Comme on dit, le bonheur est un état de satisfaction complète caractérisé par sa stabilité et sa durabilité. Il ne suffit pas de ressentir un bref contentement pour être heureux. Une joie intense n’est pas le bonheur. Un plaisir éphémère non plus. Mon rêve du bonheur est de vivre chaque jour, en harmonie avec moi même, en paix avec mon âme, le cœur serein et heureux, en bonne santé et d’avoir la capacité d’apprécier avec moins.
Votre plat préféré ?
Le poisson frais
Quelle radio écoutez-vous ?
J’écoute toutes les radios locales surtout celles qui diffusent les informations. J’écoute aussi les chaînes internationales . Déformation du métier, je pense.
Comme journaliste, quel est l’événement qui vous a le plus marqué et pourquoi ?
Il y a deux événements majeurs : j’ai eu la chance d’assister et de couvrir directement deux grands moments de l’histoire du Burundi. La signature des accords de paix d’Arusha pour le Burundi et la signature de l’Accord global de cessez-le-feu entre le Gouvernement de Transition du Burundi et le Mouvement Conseil National pour la Défense de la Démocratie – Forces pour la Défense de la Démocratie (CNDD-FDD) . A mon niveau, comme journaliste, j’ai participé et contribué à un grand tournant de l’histoire du Burundi en informant en temps réel sur ce qui se passait.
Votre chanson préférée et pourquoi ?
« Yaramenje “de Kidumu Jean Pierre . Elle est venue à moment fort de notre histoire et reste d’actualité au Burundi. Elle invitait et invite toujours les Burundais à la prise de conscience, à la retenue, à la réconciliation.
Avez-vous une devise ?
‘Ne rêve pas ta vie, vis tes rêves.’ Cela est primordial. Je ne me contente pas d’imaginer une vie meilleure, je passe à l’action pour concrétiser mes rêves.
Votre définition de l’indépendance ?
L’indépendance pour moi c’est cette capacité de pouvoir obéir aux mouvements de sa propre volonté et à exprimer tout haut les vœux de son âme.
Votre définition de la démocratie ?
La question qui se pose est en effet de savoir si l’on peut à tout moment changer le sens d’une notion aussi capitale, au point de pouvoir lui faire dire à peu près ce que l’on veut. A mon avis, il y a une exigence minimale de stabilité dans les définitions des termes utilisés dans des normes juridiques. Concrètement, la démocratie fait référence le gouvernement de tous, c’est-à-dire la souveraineté collective.
Votre définition de la justice ?
La justice désigne avant tout une valeur, un idéal moral. Elle fait référence à l’égalité, à l’équité du moins à l’équilibre dans les relations entre les humains.

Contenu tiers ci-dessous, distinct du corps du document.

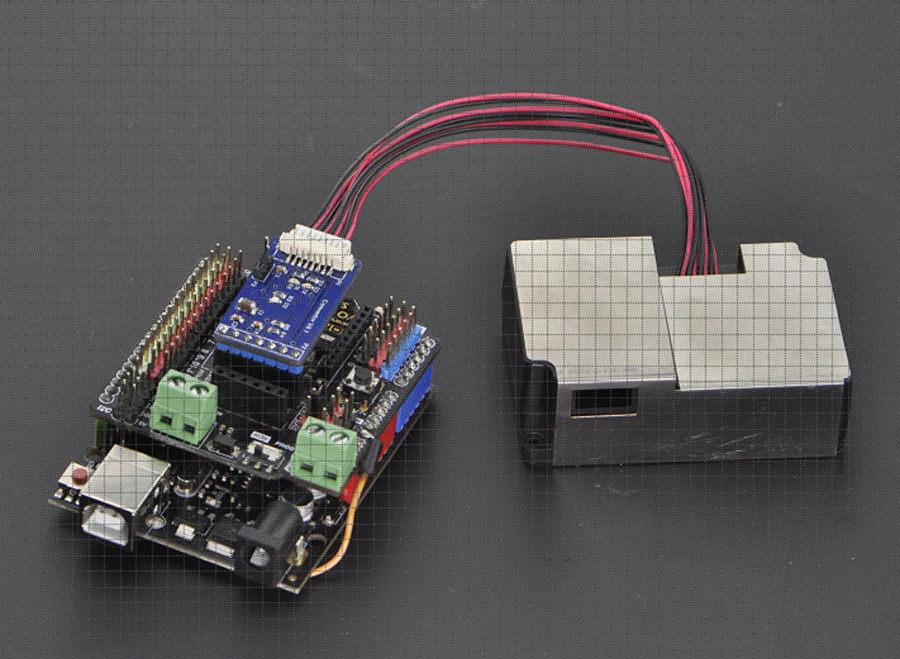 Если у вас есть расширительный Щит IO, вы можете просто вставить адаптер датчика PM2.5 на него, и вы можете использовать последовательный для мониторинга данных.
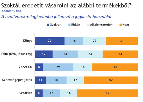 A vizsgálat rákérdezett arra is, hogy mely termékcsoportokból szoktak eredetit vásárolni a diákok. A firtatott kategóriák közül (könyv, film, zenei CD, játékprogram, szoftver) a legritkábban szoftverre adnak ki pénzt. A tanulók 59 százaléka mondta azt, hogy nem vásárol eredeti szoftvert, és csupán 8 százalék választotta a „gyakran” választ. A nem vásárlók aránya a számítógépes játékok esetében is 50 százalék felett van. A legnagyobb hajlandóság az eredeti „termék” megvásárlására a könyveknél van (29% gyakran vesz).

Si aujourd’hui vous étiez nommée ministre en charge des médias, quelles seraient vos deux premières mesures ?
Si j’étais nommée ministre en charge des médias, en premier lieu j’organiserai les états généraux des médias afin de permettre au gouvernement, aux professionnels des médias et aux membres de la société civile d’aborder sans faux fuyants la situation des médias au Burundi dans le but d’améliorer le contexte légal, structurel des médias et leur professionnalisation.
En deuxième lieu, je ferai tout pour que les voix des femmes soient entendues dans les médias parce que jusque-là, elles sont sous représentées.
Les médias ont une responsabilité essentielle dans la représentation des rapports sociaux. L’objectivité confère à la fonction journalistique un caractère à la fois technique et professionnel et la parité hommes-femmes dans les médias implique que les hommes et les femmes soient représentés de façon équitable non seulement dans les postes de responsabilités et les emplois disponibles dans les entreprises de presse, mais aussi dans la collecte, le traitement et la diffusion de l’information.
Croyez-vous à la bonté humaine ?
Fermement ! L’être humain est capable de faire preuve de bienveillance active et de rendre réellement les autres heureux. Il faut juste une certaine disposition d’esprit consciente.
Pensez-vous à la mort ?
Oui
Si vous comparaissez devant Dieu, que lui direz-vous ?
Ainsi soit -il, mon heure est arrivée (rires)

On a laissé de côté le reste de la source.